Now, looking at some of the most commonly used solutions, some of the most well-known solutions include the selfie segmentation solution that basically, you know, is also actually being used in Google Meet where you can see the different kind of backgrounds that you can actually apply, the blurring effect. So what it does is that it uses segmentation mask to only detect the humans in the scene and it is able to extract only the information needed for the humans. And then we have Face Mesh that basically has more than 400 plus facial landmarks that you can put, and you can make a lot of different interesting applications using this. For example, let's say AR filters or makeup, right? Then we have hair segmentation that allows only you to segment out the hair. Then we have a standard computer vision based algorithms like object detection and tracking that you can do to detect specific objects. Then we have facial detection, we also have hand tracking that can track your hands and you can probably use it for things like, you know, being able to use hand-based gestures to control, let's say, your web application. Then we have the entire human pose detection and tracking that you could probably use to create some kind of a fitness application or a dance application that can actually track you. Then we have the holistic tracking that actually tracks your entire body, right? And it tracks your face, your hands, your entire pose, right? So it's a combination of basically the human pose, hand tracking and the face mesh. Then we have some more advanced object detection, like the 3D detection that can help you to detect, you know, bigger objects like a chair, shoes, table. And then we have a lot more other kinds of solutions that you can actually go ahead and look at. And these are all end-to-end solutions that you can directly just implement. That is why MediaByte solutions are so popular.

And just to look at some of the real-world examples where it's being actually used. We just spoke about the face mesh solution that you can see over here, you know, taking place on the AR Lipstick try-on that is there on YouTube. Then we have the AR-based movie filter that can be used directly in YouTube. Then we have some basically Google Lens surfaces that you can see like augmented reality taking place. Then you can also see it also being used not only like in these augmented reality or like these kind of things, but also in like more other kinds of inferences, like the Google Lens translation, that also does use the MediaByte pipelines in its packet. And you can see like augmented faces that again is based on the face mesh.
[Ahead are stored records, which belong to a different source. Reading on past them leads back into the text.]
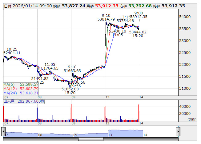 2026年01月14日09時02分 【市況】日経平均14日寄り付き=278円高、5万3827円 日経平均 <5分足> 「株探」多機能チャートより 14日の日経平均株価は前日比278.08円高の5万3827.24円で寄り付いた。 株探ニュース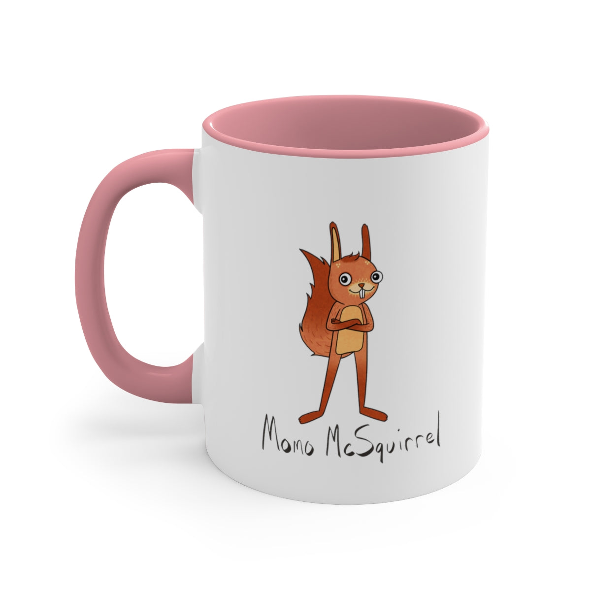 Enjoy your favorite cup of hot cocoa or tea alongside Momo McSquirrel in this two-tone, custom accent mug!
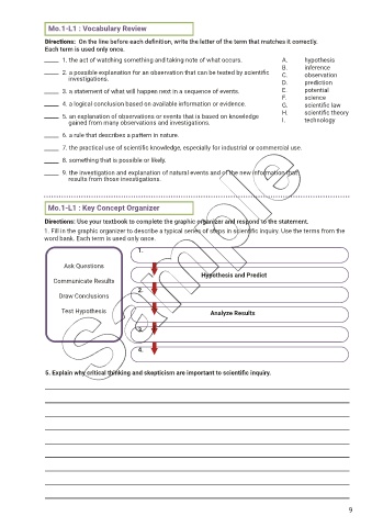 1. Fill in the graphic organizer to describe a typical series of steps in scientific inquiry. Use the terms from the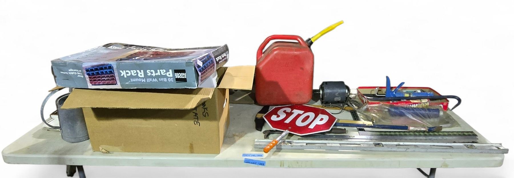 Large Table Top of Misc - Gas Gan, Stop Sign, Measuring Tools, Motor, Parts Rack, Etc.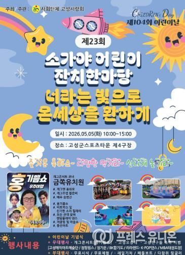 프레스유니온 강찬희 기자 | 고성군은 제104회 어린이날을 맞아 ‘너라는 빛으로 온 세상을 환하게’를 슬로건으로, 오는 5월 5일 오전 10시 스포츠타운 4구장에서 ‘제104회 어린이날 행사 및 제23회 소가야어린이 잔치 한마당’을 개최한다고 밝혔다.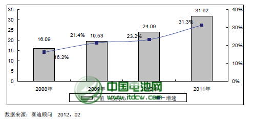 中國范圍來看,作為世界上最大的鋰電池生產(chǎn)制造基地和第二大鋰離子電池生產(chǎn)國和出口國,中國對隔膜的需求日益增加。2007年,中國隔膜的市場規(guī)模僅為13.85億元,在中國優(yōu)良的投資環(huán)境和相對低廉的人工成本的作用下,未來幾年鋰離子電池產(chǎn)業(yè)在全球范圍內(nèi)向我國轉(zhuǎn)移的趨勢將越來越明顯,從而帶動整個隔膜的市場規(guī)模快速增長,2011年中國隔膜產(chǎn)業(yè)的市場規(guī)模達(dá)到31.62億元,同比增長31.62%。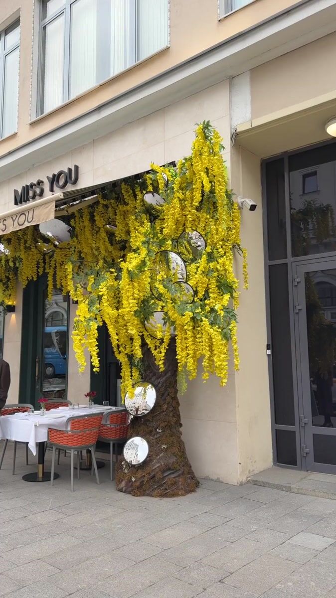 Topics: flower vendor, cafe dining, street commerce, shopping district, outdoor dining, retail activity, commercial area, urban life, daily life, social

So let's look at a very quick live perception example of how basically you know, it actually takes place. For this, what we're going to be doing is we're going to be looking at the hand tracking, right? So essentially what we want to do is that we take an image or a video of your hand and we're able to put these landmarks. What are landmarks? Basically, landmarks are these dots that you see and you can superimpose them on your hand and they sort of denote all the different uh, you know, like you could say the different edges of the, of your hand and you're going to be superimposing them. So this is what the example is going to be looking like. So how would that simple perception pipeline look like? So essentially, first you'll take your video input.